Thanks Guys. Both saws are pretty cheap. They are just over $100.00. I may pick up both after I see them run. You cant have to many Chain Saws. My Husqvarna 55 Rancher seems to have found a new home with my son. I dont like going out without at least 2 saws. One of the guys I go out with swears by his "Homelite" (I swear at it) which Vibrates like a nuclear powered vibrator and vapor locks allmost as long as it runs. I may give him that 32AV for Christmas.


----------



## Lakeside53 (Oct 21, 2005)

Clean 032AV sells here for $275...and like hot cakes... All we usually have to do is clean out the fuel system and rebuild the carbs, and they are ready for another 20 years. We even give store warranty and never have a comeback.


----------



## GASoline71 (Oct 21, 2005)

I second the comments on the parts for the 041 bein' harder to find. I have an older 041FB rigid frame with a 24" bar. You wanna talk about vv-v-vv-i-bra-tion... arm numbing at times, but great low-end torque. I also have the older 032AV, 18" bar, without the chainbrake. It is a good saw, but I think it's power to weight just isn't all that great. But that's my personal opinion. Both are decent older (key word being *older*) saws. But are just way outdated for what you can find used these days. They are very fun to use, especially the 041. When you start that puppy in the woods, it has it's own distinct sound that makes people turn heads. Anyway, unless you can get a screamin' deal on the one of those saws, you wmight want to be in the hunt for a good used 044/046 for bigger wood. You can still find them under $400 bucks. I'm lookin' for one myself, just haven't found the right one yet. Good Luck.  

Gary


----------



## Marco (Oct 21, 2005)

I've had good luck with my 041 Farm Boss, not so good with 031's or 032's. The 041's are easier for me to work on, normally they just need carb work and the carbs are about the easiest I've seen to get off. The 041 has the air filter on top and I've found they stay clean longer then a 032's which is on the back next to the sawdust chute. Make sure the 041 oils the chain though, last I checked the both gears in the oiler where about $65. Stihl really don't want these saws running anymore and they're trying to kill them off with high priced parts IMO.


----------



## Trever (Mar 13, 2008)

*032 Av*

I was on my lunch break today and stopped by my Stihl dealer for a price check on a coil, points, and condensor for my 032AV. Oh boy!!!! Lakeside and Marco are absolutely correct! Stihl does not want us to fix our old saws, they want us to shell out the green; lots of it!
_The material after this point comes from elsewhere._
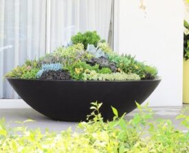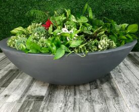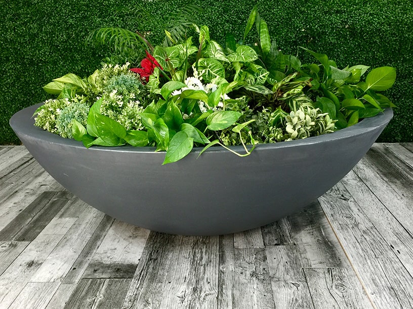 The Silhouette Low Bowl planter has a unique contemporary low profile that creates a colorful impact without blocking sight lines. Boasting over 15 square feet of planting area makes it the perfect choice for showcasing plant arrangements. Crafted in North America from UV protected thick gauge polyethylene, the Silhouette low bowl is resistant to all weather related cracking and fading even in the harshest of environments. It features drain free winterization, and thanks to our leading self watering technology there is never a risk of over or under watering. A perfect balance of design, durability, and functionality.

My dealer quoted me $27.00 for the condensor and $340.00 for a stupid coil! Good grief. Anyway, I am getting ready to call NAPA. I bought an 032AV that was advertised not having any fire. I thought to myself, it will be easy to fix and I will have a good ole 032. I will be very leary on older saws in the future, but I will fix this one.


----------



## litefoot (Mar 13, 2008)

If both were about $100, I'd buy both...no question.


----------



## MotorSeven (Mar 14, 2008)

+1




run 'em both, then sell your "least fav"......or CAD kicks in ...........



RD


----------



## Lakeside53 (Mar 14, 2008)

Trever said:


> I was on my lunch break today and stopped by my Stihl dealer for a price check on a coil, points, and condensor for my 032AV. Oh boy!!!! Lakeside and Marco are absolutely correct! Stihl does not want us to fix our old saws, they want us to shell out the green; lots of it! My dealer quoted me $27.00 for the condensor and $340.00 for a stupid coil! Good grief. Anyway, I am getting ready to call NAPA. I bought an 032AV that was advertised not having any fire. I thought to myself, it will be easy to fix and I will have a good ole 032. I will be very leary on older saws in the future, but I will fix this one.



Marco might have said that... but I didn't.


032 Coil $340.. na....bs.. What did you ask for? A used points coil is maybe $30... Oh... never seen a bad one...

Condensor.. yep, they getting spendy, but you only need one every 30 years!

The 032 converts to electronic trigger easily.


041 electronic ignitions are not available, and there is no aftermarket. That will eventually kill off the 041AVE


----------



## Trever (Mar 18, 2008)

*032 parts prices*

Andy,

No kidding. I asked for a coil price and that is what the young salesman (doesn;t know alot about saws) told me after he looked it up. To be honest, I am not sure what he was looking at. Sorry, I misread and I didn't mean to write what you did not say. Are you all getting over $250 for the 032s?


----------



## mwgo (Nov 25, 2008)

Lakeside53 said:


> Clean 032AV sells here for $275...and like hot cakes... All we usually have to do is clean out the fuel system and rebuild the carbs, and they are ready for another 20 years. We even give store warranty and never have a comeback.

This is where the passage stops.